Yeni dönemin İl Genel Meclisi toplantısını ilk kez izledim. CHP’li ve MHP’li üyelerde, “kabus dolu” beş yılın rövanşını almış olmaktan / iktidarda olmaktan kaynaklanan ruh dinginliği ve kendine güven duygusu hemen fark ediliyor.
“Koalisyon’dan koltuk operasyonu
Geçen hafta, CHP Grup Başkanı İlhan Buğdaycı bana CHP’nin MHP’nin ve AKP’nin Grup odalarını göstermişti.
CHP ve MHP grup odalarında EVKUR’dan alınmış sandalyeler; AKP Grubu odasında lüks denecek koltuklar vardı. “CHP-MHP Koalisyonu”nun ilk icraatı, bir operasyon düzenleyerek, söz konusu eşitsizliği ortadan kaldırmak olmuş. Operasyon sonunda, bütün grup odaları tek tip sandalyelere kavuşturulmuş.

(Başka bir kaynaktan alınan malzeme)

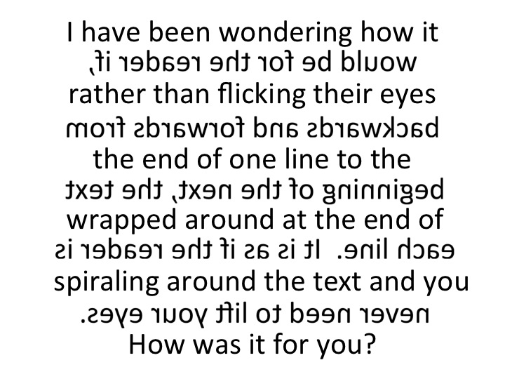 Then I got to thinking about how, when we write, we only write in a single direction – from left to right – and that the reader is forced to flick their attention from the end of one line to the beginning of the next.  I’m very curious about discontinuities like this and hypothesise that a steady tracking of text – especially if it balances right to left as well as left to right – would result in some kind of smoother comprehension.
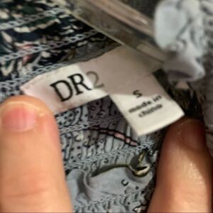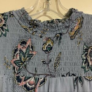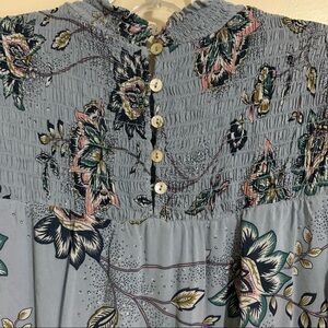 Dr2 Smocked Ruffled High Collar Button Back Blue Floral Maxi Dress. Size small
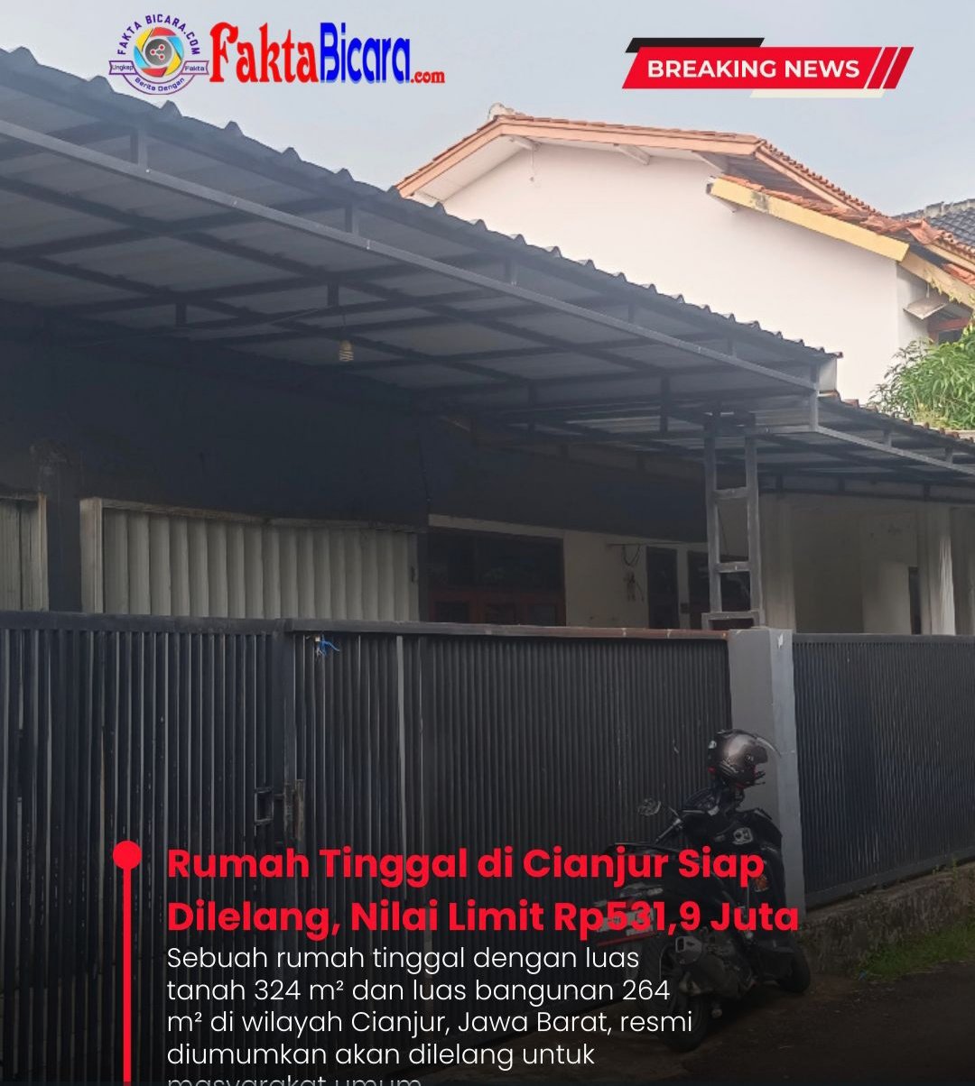 CIANJUR | FAKTA BICRA |[ Sebuah rumah tinggal dengan luas tanah 324 m² dan luas bangunan 264 m² di wilayah Cianjur,Jawa Barat,resmi diumumkan akan dilelang untuk masyarakat umum.Properti tersebut merupakan agunan kredit yang telah masuk kategori pembiayaan macet,dan pemilik jaminan telah memberikan persetujuan penuh untuk dilakukan penjualan melalui mekanisme lelang resmi.
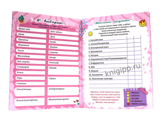 БЛОКНОТИК-АНКЕТА ДЛЯ ТЕБЯ И ДРУЗЕЙ с наклейками. РОЗОВАЯ
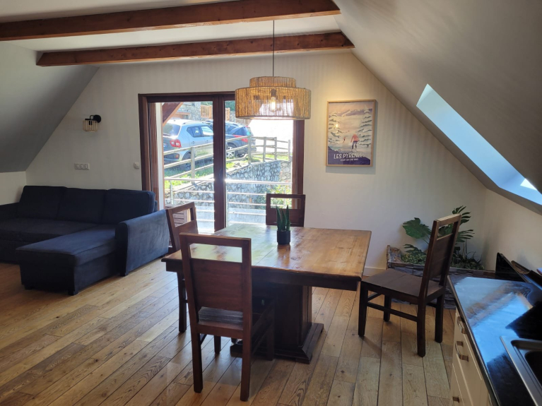Loue gîte Haut de gamme pour 2 à 4 personnes dans un environnement exceptionnel, face au Massif du Néouvielle classé Patrimoine Mondial de l'UNESCO. Situé à 3 kms de la célèbre station thermale de SAINT-LARY SOULAN, ce gîte haut de gamme est situé à l'extrémité du village de CAMPARAN le plus ensoleillé de la vallée d'Aure, au calme et au départ d'un chemin de randonnée. Exposé plein sud, le gîte possède de grands volumes associant la pierre et le bois.
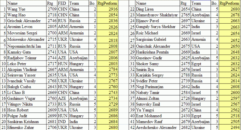 China 2 первые доски - выше всяких похвал! 4-5 подкачали,я ожидал от них гораздо большего.Команда засиделась на старте,но вовремя собрались.Второе место заслужили вполне
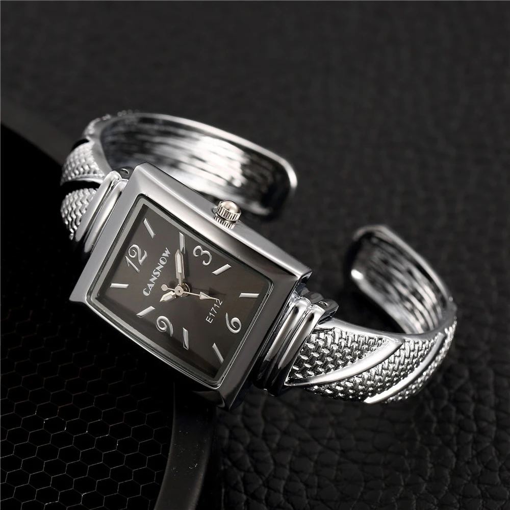 Женские часы-браслет, элегантные часы из нержавеющей стали с квадратным циферблатом
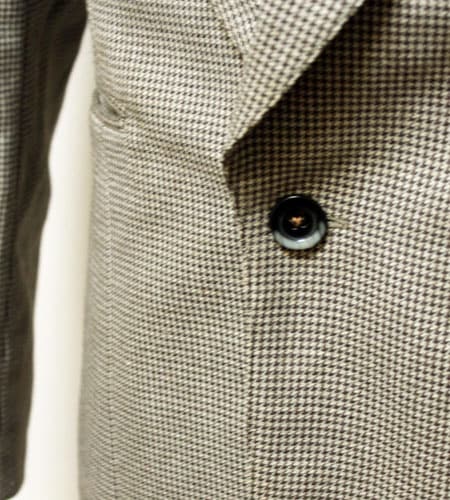 着丈74cm、身幅47cm。カラーはブラウン。70年代、デッドストック、フランス製、千鳥格子のテーラードジャケットです。一つボタンのタータンチェックのテーラードで今のトレンドらしいデザインですね。アームホール、身幅も細めのシルエットでタウンユースではもちろんドレススタイルでも合わせられるジャケットです。

Meclis’teki eşitsizlik derseniz, “CHP-MHP Koalisyonu” lehine giderilmiş. Gündeme getirilen konularda olduğu gibi, alınan ya da alınacak kararlarda da, CHP ve MHP’liler ilke olarak birlikte davranmaya karar vermiş görünüyorlar.
Koltuk konusundaki eşitsizlik Meclis Salonu dışında giderilmiş olabilir. Ancak, Meclis Salonu’nda bulunan koltuklardan, Meclis Üyelerine “layık görülen”lerle Basın mensuplarına “reva görülen”ler arasında dağ kadar fark var. Meclis üyelerinin koltukları tekerlekli; Basın mensuplarına ayrılan koltukları ise çabalat çabalatabilirsen. Sağa sola hareket etmek istediğinizde koltukları kaldırmak zorunda kalıyorsunuz. Bel fıtığınız filan varsa vay halinize…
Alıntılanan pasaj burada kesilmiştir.